Task item »
Word for word, output the data, with none of its pictures.

Entries provided »

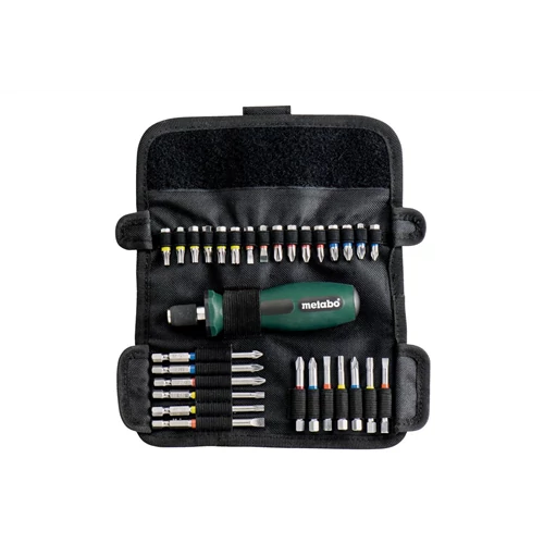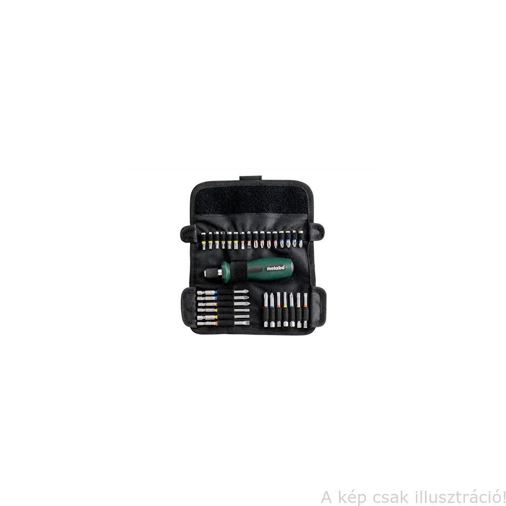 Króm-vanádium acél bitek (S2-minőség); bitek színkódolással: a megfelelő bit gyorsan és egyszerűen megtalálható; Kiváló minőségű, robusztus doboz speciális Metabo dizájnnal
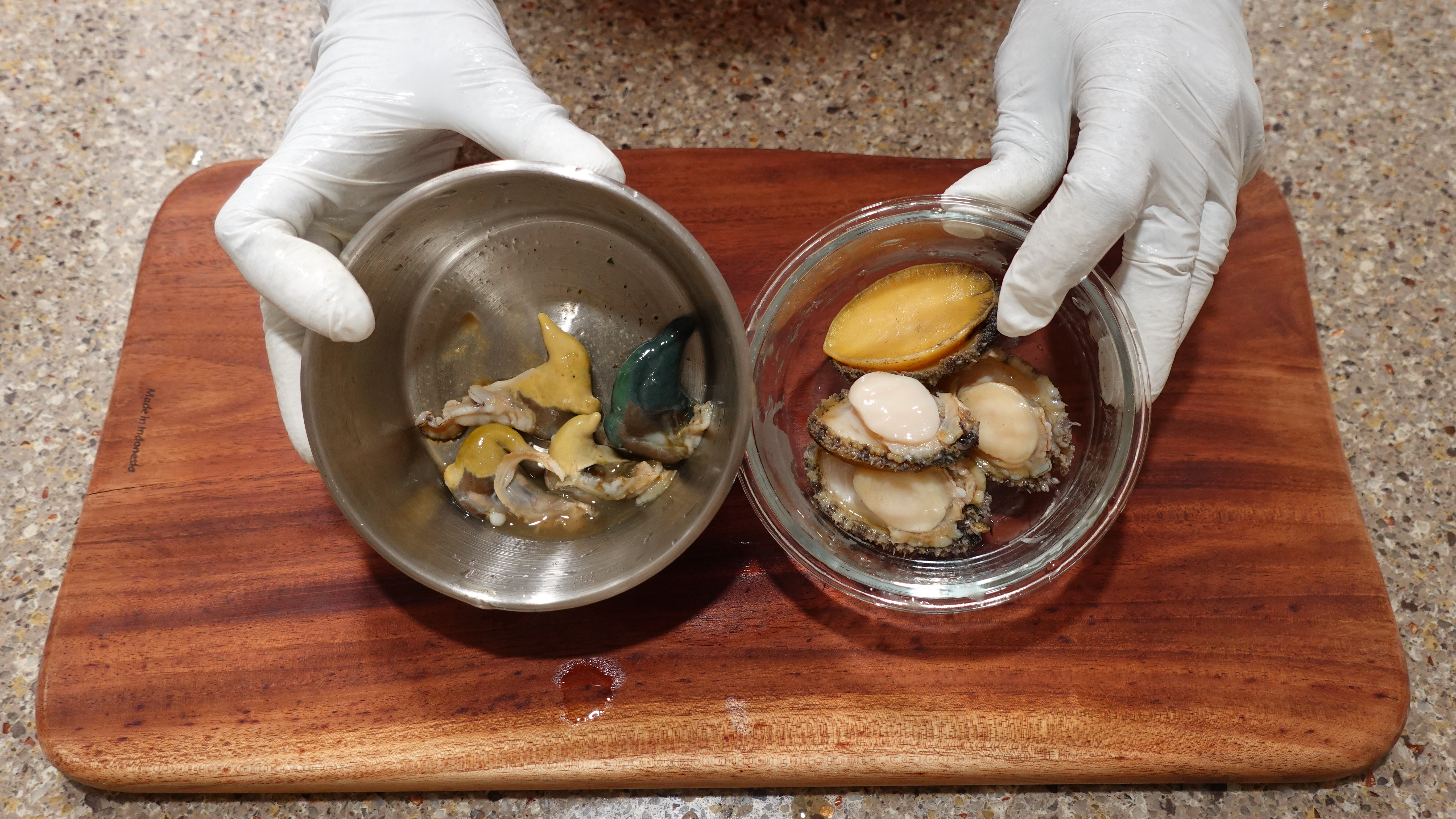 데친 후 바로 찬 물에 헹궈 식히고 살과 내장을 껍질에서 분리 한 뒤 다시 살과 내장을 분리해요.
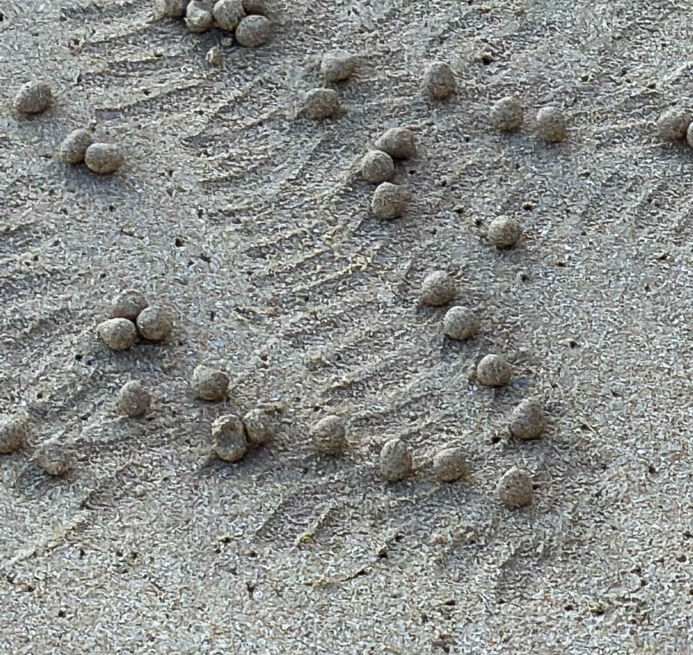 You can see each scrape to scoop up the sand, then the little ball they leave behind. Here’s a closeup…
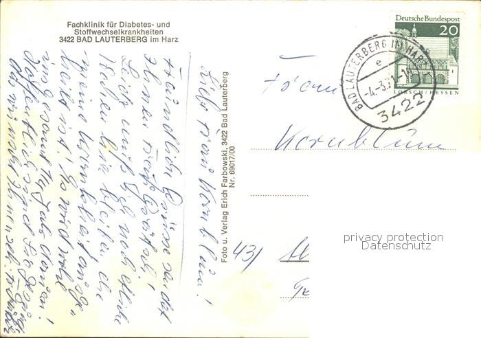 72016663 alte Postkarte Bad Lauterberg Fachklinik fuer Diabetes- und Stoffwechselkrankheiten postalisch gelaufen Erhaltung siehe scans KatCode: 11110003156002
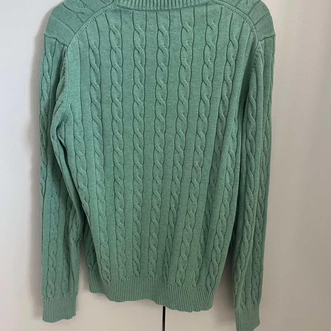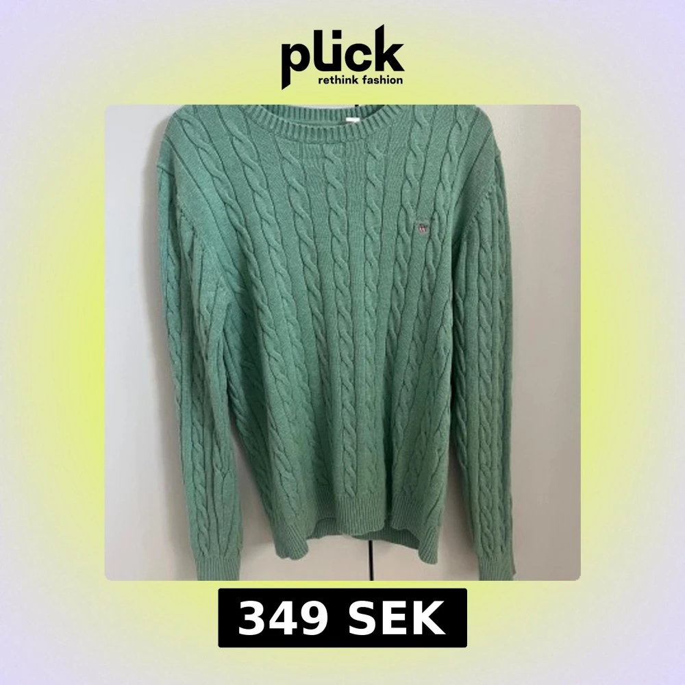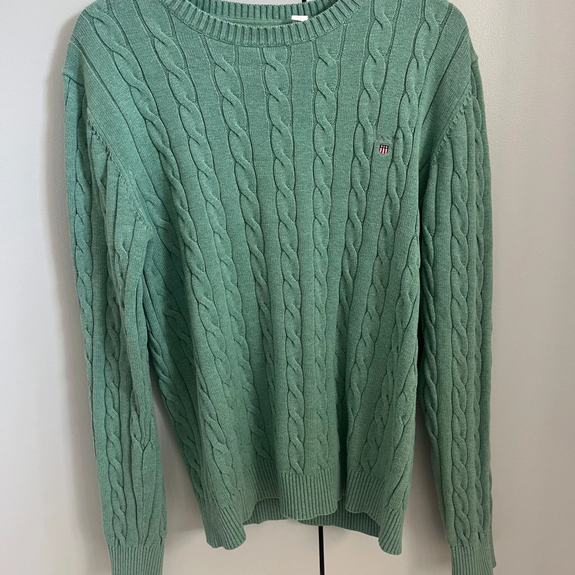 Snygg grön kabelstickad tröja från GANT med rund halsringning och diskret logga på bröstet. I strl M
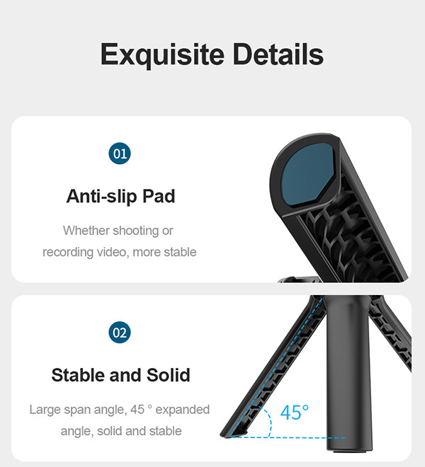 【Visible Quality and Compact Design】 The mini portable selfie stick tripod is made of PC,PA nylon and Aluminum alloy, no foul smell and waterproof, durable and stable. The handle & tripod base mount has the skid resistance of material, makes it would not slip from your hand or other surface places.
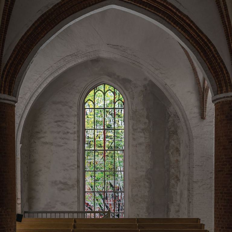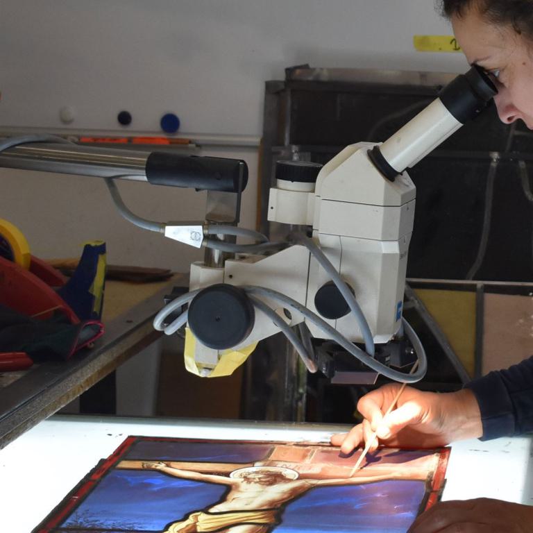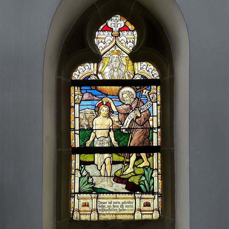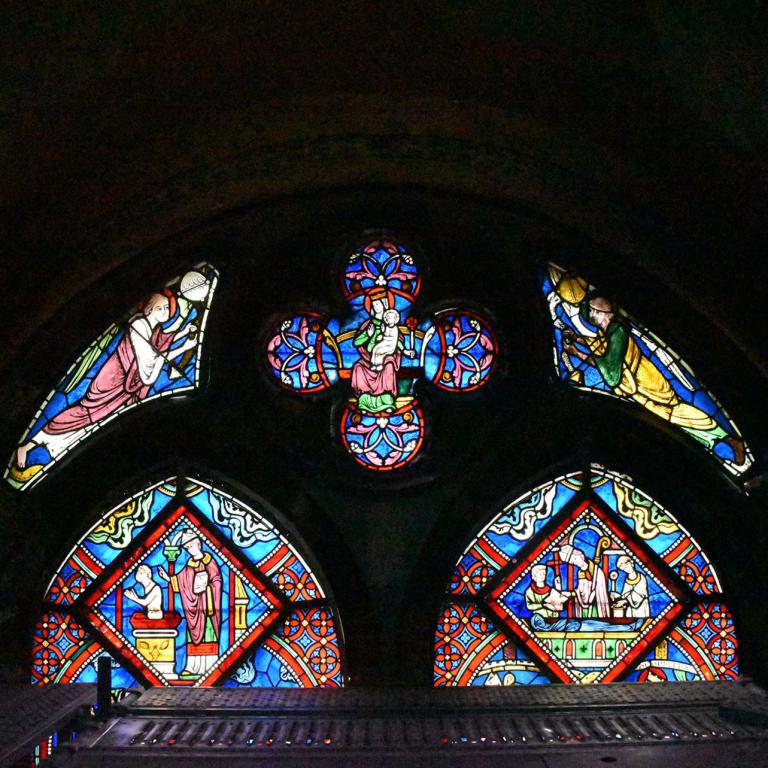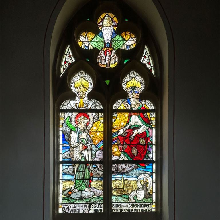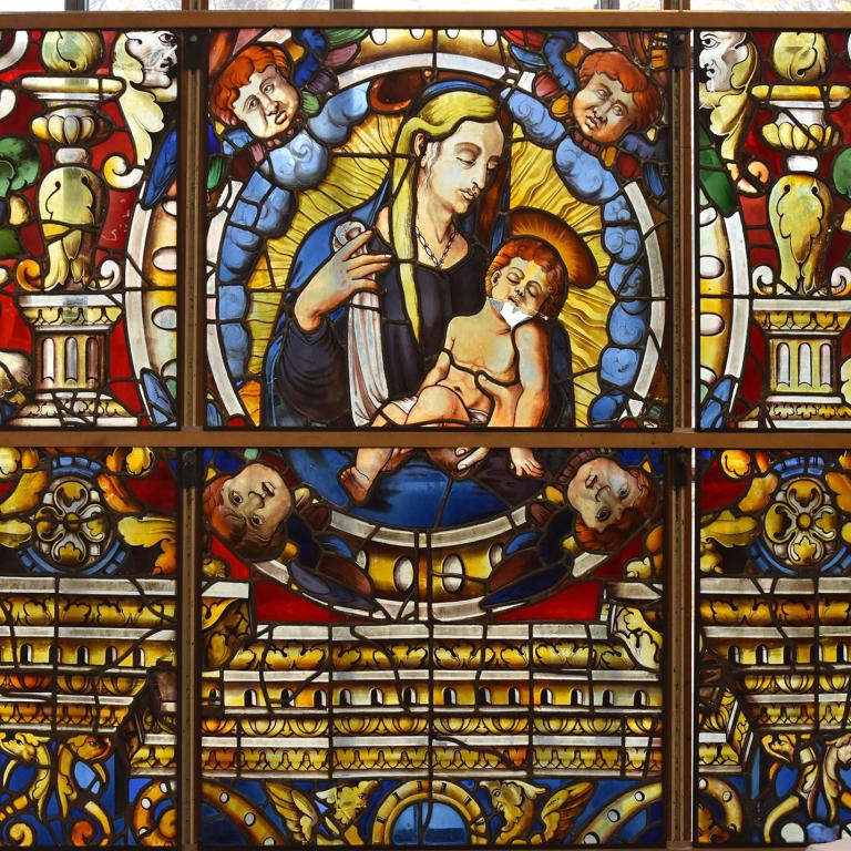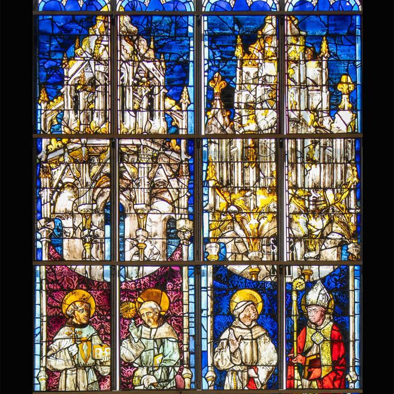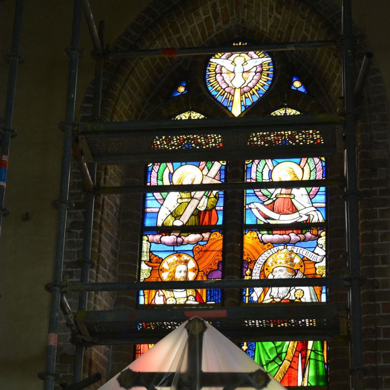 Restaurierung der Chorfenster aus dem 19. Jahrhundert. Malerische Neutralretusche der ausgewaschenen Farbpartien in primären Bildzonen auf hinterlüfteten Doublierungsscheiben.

Task solution »
 Króm-vanádium acél bitek (S2-minőség); bitek színkódolással: a megfelelő bit gyorsan és egyszerűen megtalálható; Kiváló minőségű, robusztus doboz speciális Metabo dizájnnal
 데친 후 바로 찬 물에 헹궈 식히고 살과 내장을 껍질에서 분리 한 뒤 다시 살과 내장을 분리해요.
 You can see each scrape to scoop up the sand, then the little ball they leave behind. Here’s a closeup…
 72016663 alte Postkarte Bad Lauterberg Fachklinik fuer Diabetes- und Stoffwechselkrankheiten postalisch gelaufen Erhaltung siehe scans KatCode: 11110003156002
 Snygg grön kabelstickad tröja från GANT med rund halsringning och diskret logga på bröstet. I strl M
 【Visible Quality and Compact Design】 The mini portable selfie stick tripod is made of PC,PA nylon and Aluminum alloy, no foul smell and waterproof, durable and stable. The handle & tripod base mount has the skid resistance of material, makes it would not slip from your hand or other surface places.
 Restaurierung der Chorfenster aus dem 19. Jahrhundert. Malerische Neutralretusche der ausgewaschenen Farbpartien in primären Bildzonen auf hinterlüfteten Doublierungsscheiben.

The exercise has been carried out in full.